Koloniales Erbe: Goethe-Universität forscht an internationalem Projekt zu Konflikten der Landnutzung in Westafrika

Kleinbauern im Süden der westafrikanischen Staaten Togo und Benin spüren die Auswirkungen des Klimawandels: Der Regen in der Baumsavanne fällt unregelmäßiger, Zeiten für Aussaat und Ernte verschieben sich, es wird trockener. Hinzu kommen Landnutzungskonflikte mit Wanderhirten, die ihren Ursprung in Umsiedlungen während der Kolonialzeit haben. Ein internationales Forschungsprojekt unter Leitung des Geographen Prof. Jürgen Runge von der Goethe-Universität (ZIAF) untersucht die Auswirkungen des Kolonialismus und will Lösungsansätze der indigenen Gemeinschaften für die Umwelt und Klimaprobleme identifizieren und die Gemeinschaften in politische Prozesse einbinden.

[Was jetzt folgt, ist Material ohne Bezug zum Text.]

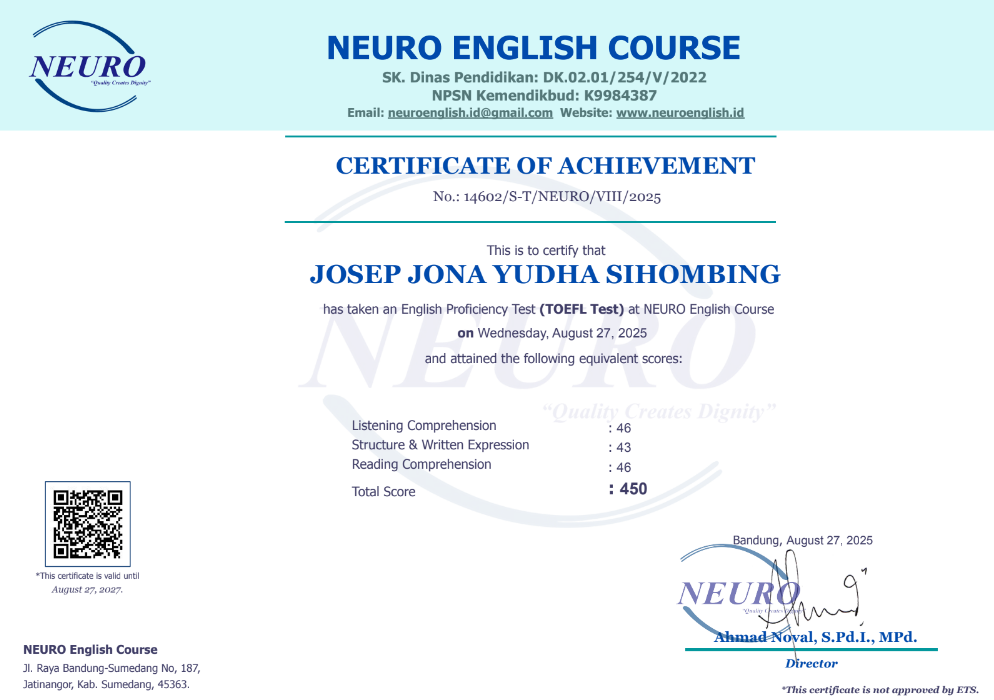 NEURO merupakan singkatan dari Necessity of English as Universal Reference of Occupations, sebuah lembaga Kursus bahasa Inggris yang yang telah berdiri semenjak tahun 2017 dan sudah meluluskan lebih dari 15.000++ Alumni yang tersebar di seluruh Indonesia bahkan luar negeri. Sertifkat NEURO English Course resmi dan sudah terdaftar di Kementerian Pendidikan, Kebudayaan, Riset, dan Teknologi (Kemendikbudristek) dengan rincian sebagai berikut :

Halbnomadische Peulh/Fulbe betreiben Wanderweidewirtschaft, dringen in Togo und Bénin mit ihren Rindern in die Felder ansässiger Kabyé-Kleinbauern ein und verursachen Landnutzungskonflikte in den Savannenwäldern. Der Prozess verschärft sich unter dem Einfluss des Klimawandels und knapper werdender Ressourcen. Foto: Jürgen Runge, Goethe-Universität Frankfurt

Rund 50.000 Bauern der Volksgruppe Kabyè wurden während der deutschen und französischen Kolonialzeit im Gebiet der heutigen westafrikanischen Staaten Togo und Benin Ende des 19. bis Mitte des 20. Jahrhundert vom bevölkerungsreichen Norden in den spärlich besiedelten Süden zwangsumgesiedelt. Die deutsche Kolonialmacht benötigte Arbeitskräfte zum Aufbau von Transportwegen, die französische Regierung wollte diesen Landstrich landwirtschaftlich entwickeln.

Bis heute ist die Landwirtschaft in diesem Landesteil – natürlicherweise eine Baumsavanne – jedoch wegen der weniger fruchtbaren Böden und den Wechseln zwischen zwei feuchten und zwei trockenen Jahreszeiten schwierig. Der Klimawandel verschärft die landwirtschaftlichen Probleme und lässt Landnutzungskonflikte mit der Volksgruppe der halbnomadischen Peulh/Fulbe eskalieren, die dort ihre Rinderherden weiden lassen.

Im fruchtbaren hügeligen Norden, wo die Kabyè traditionell Landwirtschaft auf Terrassen betreiben, die durch niedrige Steinmauern begrenzt sind, kam es in Folge der Umsiedlungen zu Arbeitskräftemangel, Marktverzerrungen und Landflucht. Die indigene Bevölkerung verarmte, es drohte ein soziokultureller Kollaps, dem etwa die politische Führung Togos seit der Unabhängigkeit des Landes entgegenzuwirken versucht.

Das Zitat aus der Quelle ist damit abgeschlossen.